Bombardier Inc. is effectively out of the commercial aircraft industry thanks to a definitive agreement to sell its aerostructures business to Spirit AeroSystems Holding Inc. The manufacturer’s new business model is centered on railroad and business aircraft manufacturing.
“This transaction represents another strategic milestone in the reshaping of our portfolio to focus on our strong business aircraft and rail franchises,” stated president and CEO Alain Bellemare.
Earlier this year, Bombardier sold its Canadair Regional Jet program to rival Mitsubishi Heavy Industries for $550 million plus liabilities estimated at $200 million.
In 2018, Bombardier sold a majority stake in its C Series narrow-body commercial aircraft program to Airbus, which now controls the renamed Airbus A220 series through a joint venture.
Spirit AeroSystems will acquire Bombardier’s aerostructures manufacturing plants aftermarket services operations in Belfast, Northern Ireland and Casablanca, Morocco; along with an aerostructures maintenance, repair and overhaul (MRO) center in Dallas, for $500 million in cash and assumption of liabilities totaling $700 million.
Montreal-based Bombardier said the sale strengthens its liquidity as it “moves toward the deleveraging phase of the turnaround.” The transaction is expected to close by mid 2020, but it remains subject to regulatory approvals and customary closing conditions.

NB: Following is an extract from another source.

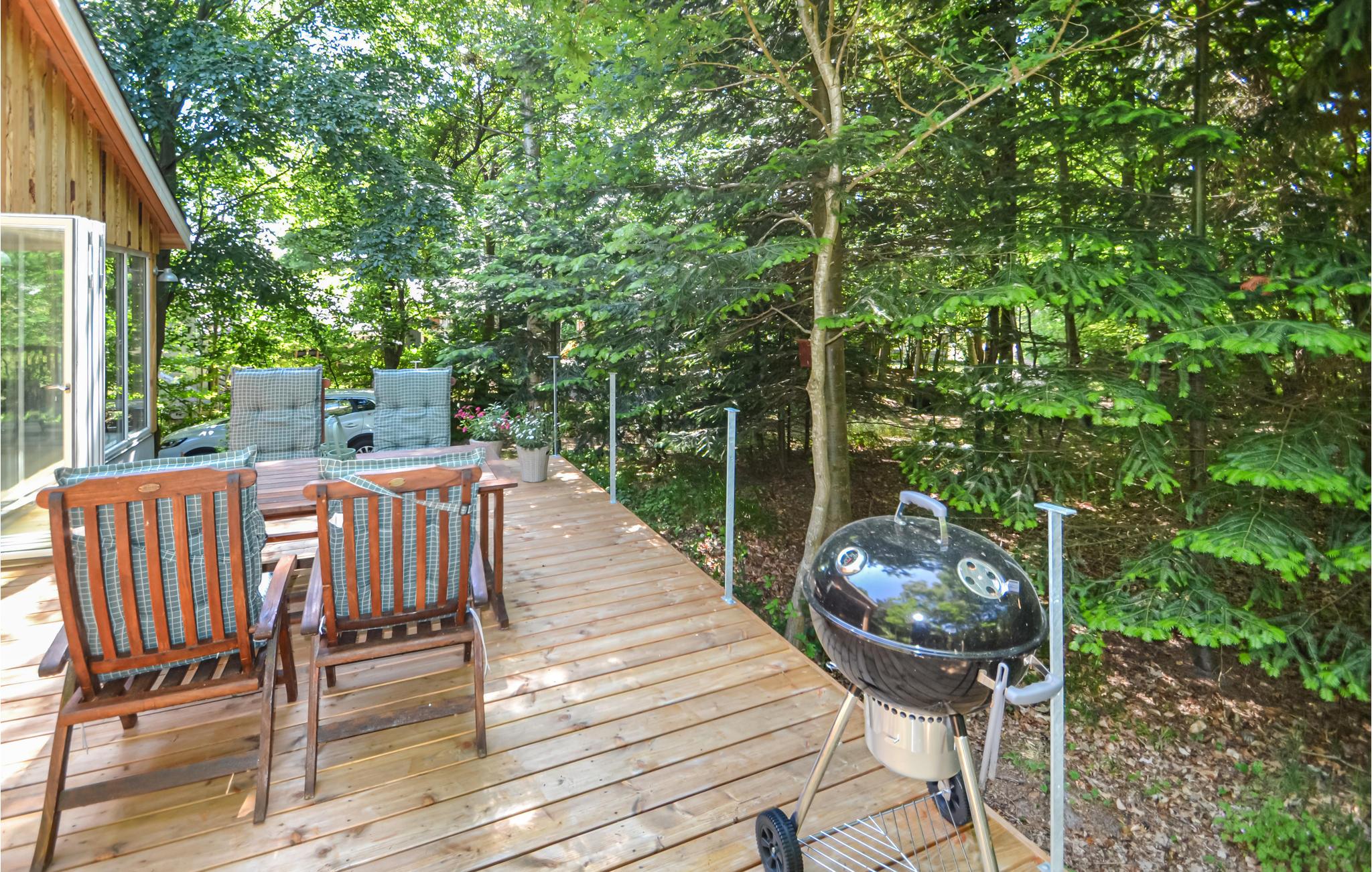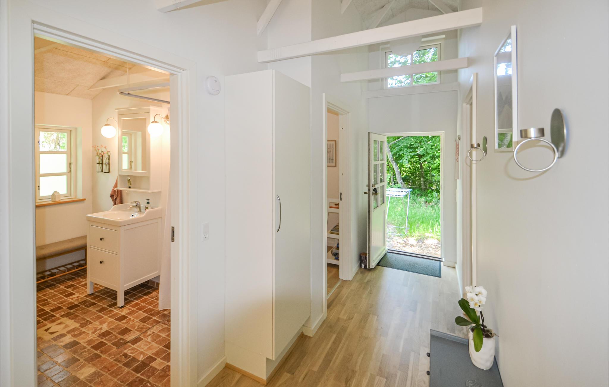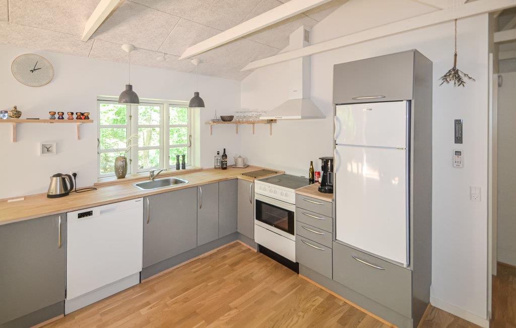 In der alten Ferienhausgegend in Fjellerup, auf einem hügeligen Grundstück, liegt dieses Ferienhaus von hohen Buchen umgeben. Das Haus ist schön und hell und hat eine große Terrasse mit Treppen zum Grundstück. Ein Teil des großen Fensterbereichs im Wohnzimmer kann bis zur Terrasse geöffnet werden, sodass Sie fast das Gefühl haben, mitten in der wunderschönen Natur zu sitzen. Das Wohnzimmer mit Holzofen ist unglaublich gemütlich mit bequemen Möbeln eingerichtet und verfügt über freiliegende Sparren mit schrägen Decken, die ein gutes Raumgefühl vermitteln. In Erweiterung des Wohnzimmers befindet sich das Esszimmer und die gut ausgestattete Küche. Darüber hinaus verfügt das Haus über 3 gute Schlafzimmer und ein großes Badezimmer. Auf dem Grundstück ist Platz für 2 Autos zum Parken.

Spirit AeroSystems, Wichita, Kan., is a manufacturer of aerostructures for aircraft OEMs, including Boeing and Airbus. The Belfast plant produces wing structures for the Airbus A220 series.
After the sale, Spirit AeroSystems will continue to produce structural aircraft components and spare parts for Bombardier Aviation’s Learjet, Challenger and Global business aircraft programs.